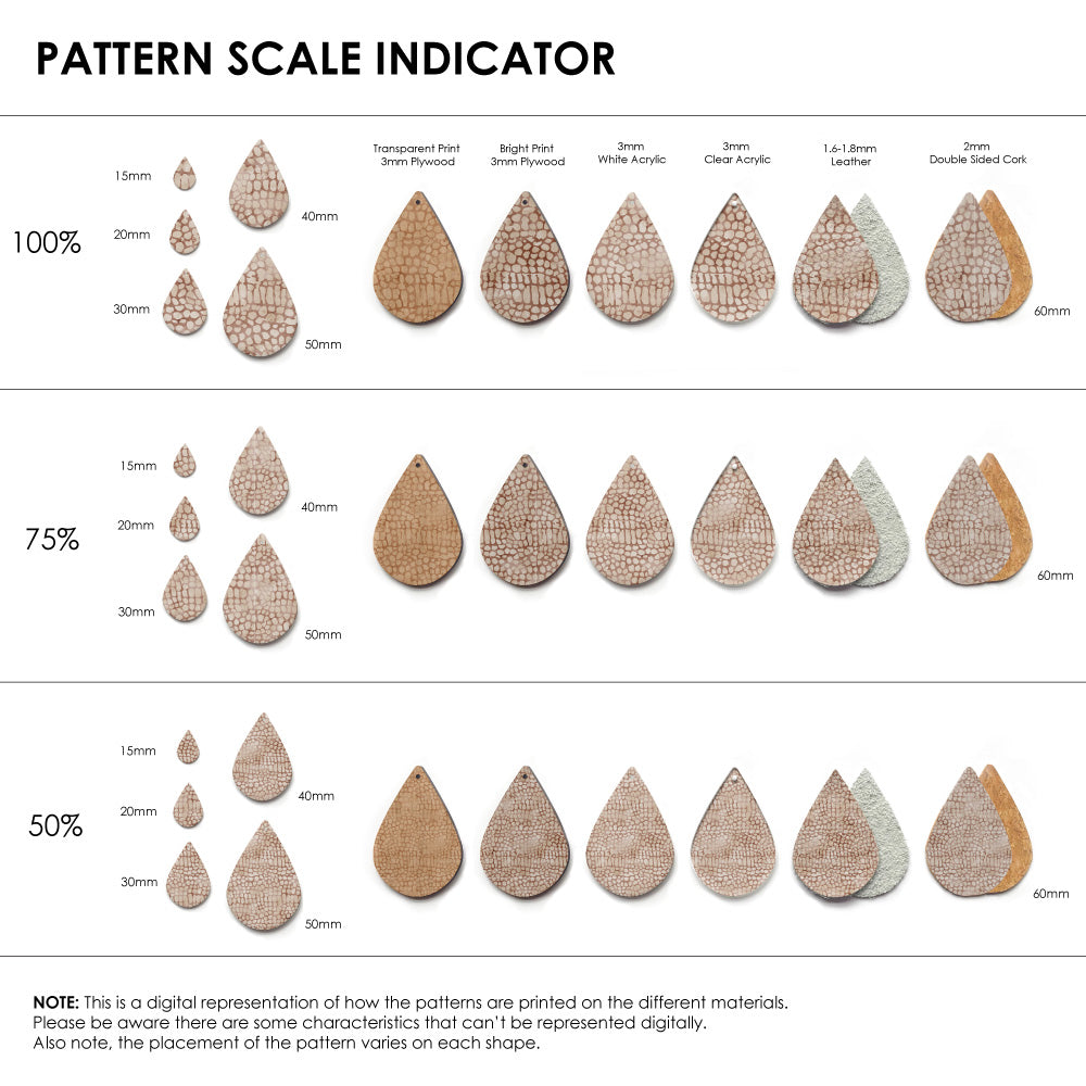 The catalogue image shown is one repeat. If the pattern is seamless, we repeat the pattern to fit to the sheet size, and then scale it so it is suitable for small pieces like earrings.
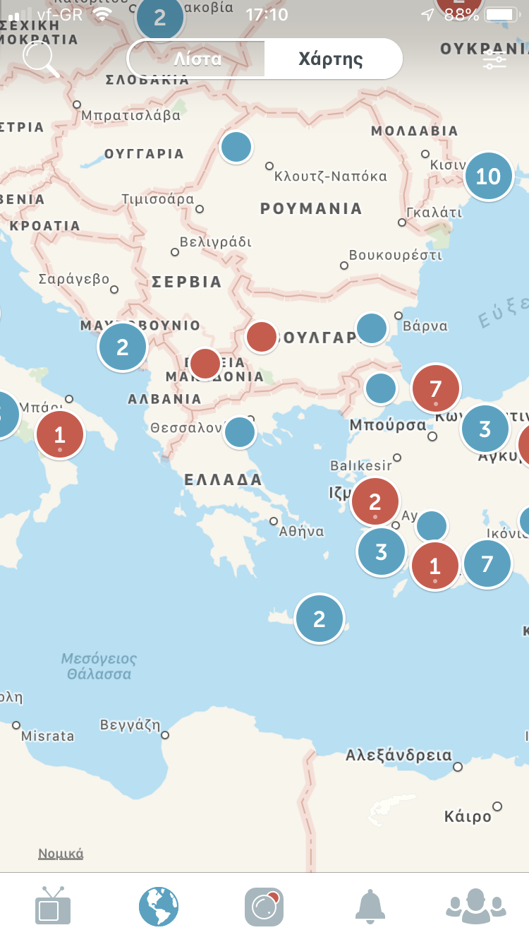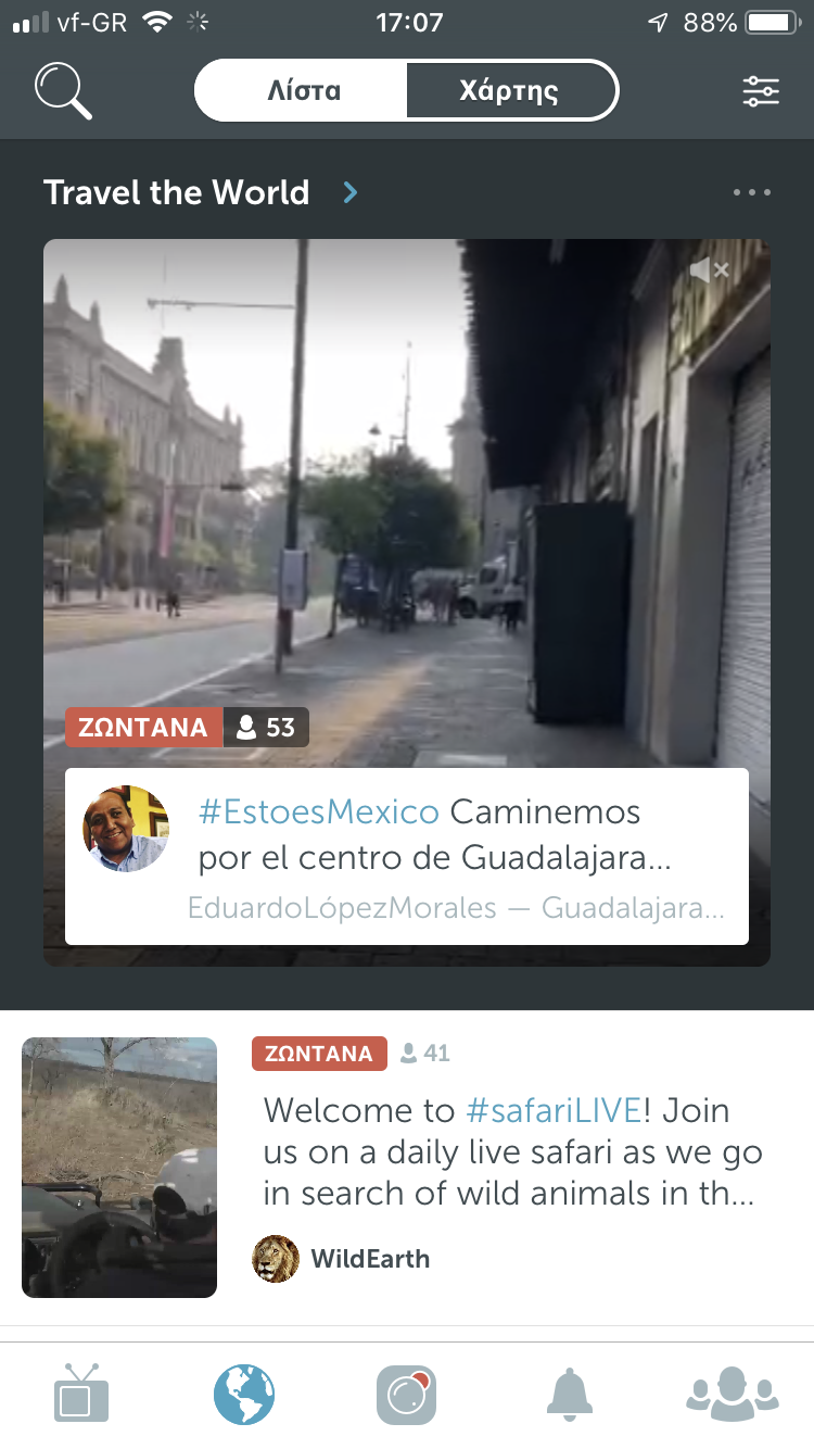 Σε αυτή την εφαρμογή παρουσιάζεται ένας παγκόσμιος χάρτης, στον οποίο οι χρήστες παρακολουθούν πόσα live streaming συμβαίνουν αριθμητικά σε κάθε περιοχή.
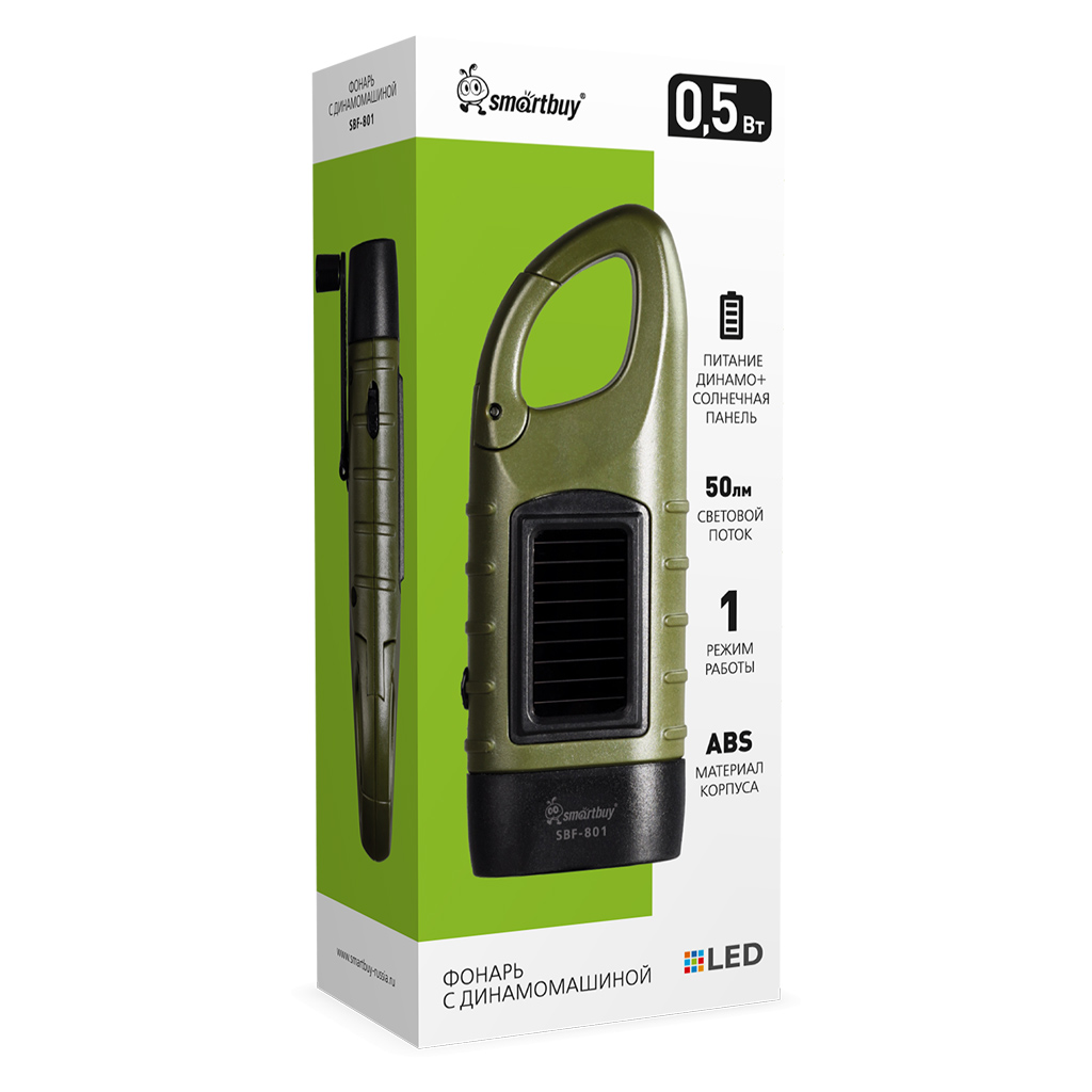 Фонарь Smartbuy SBF-801 с зарядкой от солнечной панели и динамомашины, позволит не остаться без света в любых условиях.
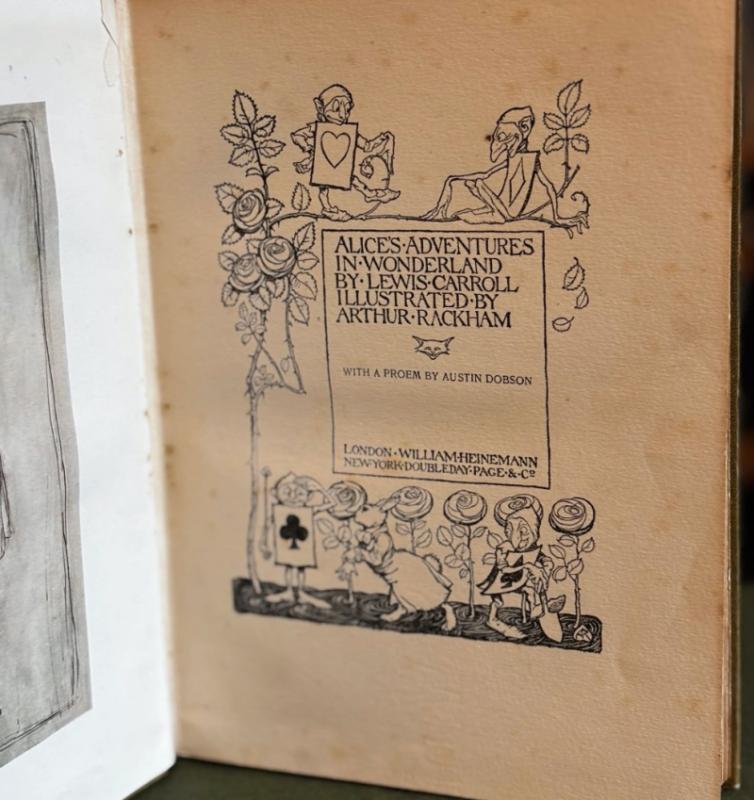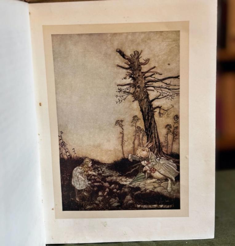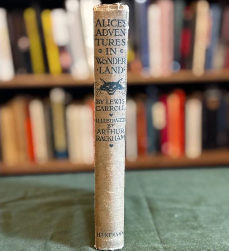 This 1907 edition of Alice's Adventures in Wonderland, notable as the first edition featuring Arthur Rackham's exquisite illustrations, which have become iconic of Lewis Carroll's classic work. The colour plates in this edition are thoughtfully integrated throughout the text, enhancing the narrative flow of the work. The olive-green cloth binding with gilt and dark blue detailing is both elegant and distinctive. Rackham's imaginative artistry, combined with the high production quality of this edition, makes it a landmark in the history of illustrated books. A complete and well-preserved example of this celebrated collaboration between author and illustrator.
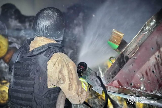 Минувшей ночью 22 апреля враг продолжил террористические атаки по гражданской инфраструктуре Одессы и Одесской области. Почти всю ночь до самого утра доносилась воздушная тревога — более 30 российских дронов типа «шахед» и «гербера» волнами атаковали портовую инфраструктуру. Как сообщили в Одесской ОВА, погибших и пострадавших нет. На опубликованных кадрах можно увидеть поврежденные склады со строительными материалами, где произошли пожары после ушибов. Пожарные совместно с пожарной охраной порта оперативно ликвидировали все очаги огня.
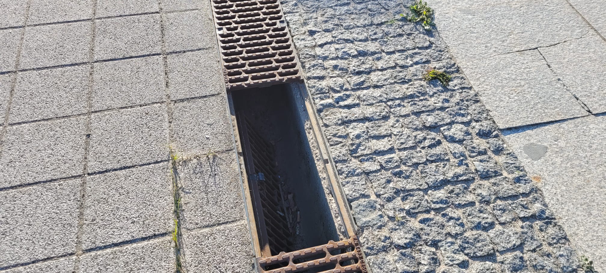 • uszkodzenia odwodnienia liniowego obejmujące braki w ułożeniu rusztu na kanale odwodnieniowym.
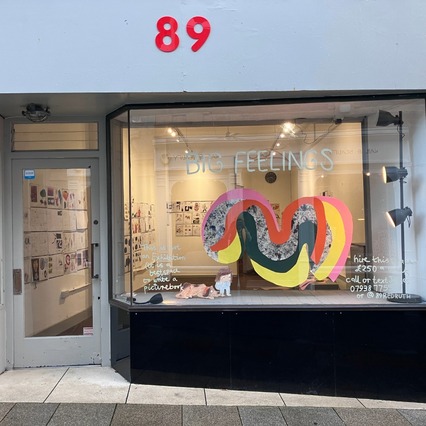 Through this experience, Caroline gained the space and clarity to fully immerse herself in her story, free from the usual studio distractions. Working at scale allowed her to see the narrative from a fresh perspective, cut back repetition, and shape the book with more intention. Early feedback from visitors was validating and opened up new creative directions. Displaying her pages on the walls helped her see the project as a whole, reducing overwhelm and giving her greater control. Sharing the process online brought new followers and potential future opportunities.The experiment also sparked ideas for larger, more three-dimensional work, energising the project in ways she couldn’t achieve in her studio, while bringing colour and joy to the high street and inspiring other artists to explore the space in similar ways.
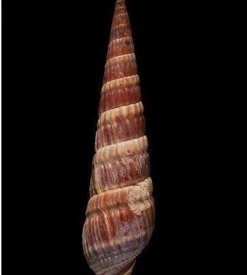 贝壳附觉张细长,螺塔状 ,螺层多。淡褐色至浓褐色,纵肋比较微显器听弱,且常呈较淡的色彩,缝合沟上有白纹,体层周缘也常有一条横走的白纹,次缝合沟稍弱,最独特的是壳底部有数条螺旋肋。壳长约6公分。
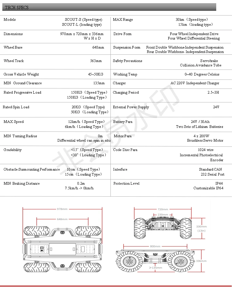 Models | SCOUT-S (Speed type) SCOUT-L (loading type) | MAX Range | 30km(Speed type) 15km(loading type) |
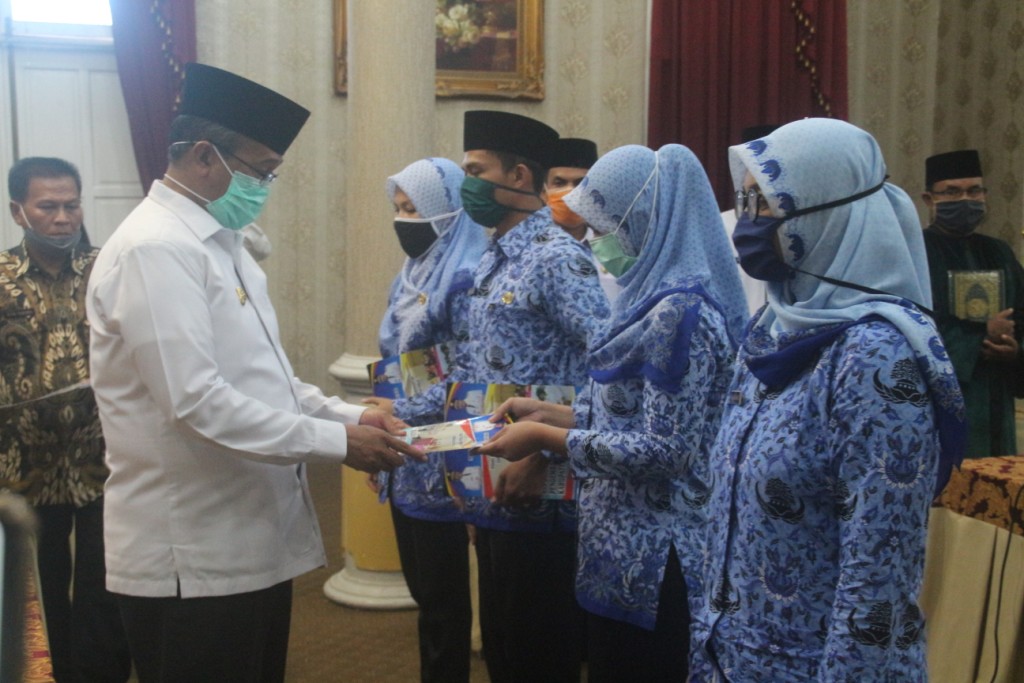Bupati Solok Gusmal menyampaikan ucapan selamat sekaligus menitipkan pesan kepada 54 PNS yang baru saja diberikan SK agar dapat melaksanakan tugas dan fungsi dengan sebaik-baiknya.

## WORK TASK:
In the records above, find the line with "Through this experience, Caroline". Print exactly from there through the line with "Models | SCOUT-S", minus the pictures.

## EXERCISE RESULT:
 Through this experience, Caroline gained the space and clarity to fully immerse herself in her story, free from the usual studio distractions. Working at scale allowed her to see the narrative from a fresh perspective, cut back repetition, and shape the book with more intention. Early feedback from visitors was validating and opened up new creative directions. Displaying her pages on the walls helped her see the project as a whole, reducing overwhelm and giving her greater control. Sharing the process online brought new followers and potential future opportunities.The experiment also sparked ideas for larger, more three-dimensional work, energising the project in ways she couldn’t achieve in her studio, while bringing colour and joy to the high street and inspiring other artists to explore the space in similar ways.
 贝壳附觉张细长,螺塔状 ,螺层多。淡褐色至浓褐色,纵肋比较微显器听弱,且常呈较淡的色彩,缝合沟上有白纹,体层周缘也常有一条横走的白纹,次缝合沟稍弱,最独特的是壳底部有数条螺旋肋。壳长约6公分。
 Models | SCOUT-S (Speed type) SCOUT-L (loading type) | MAX Range | 30km(Speed type) 15km(loading type) |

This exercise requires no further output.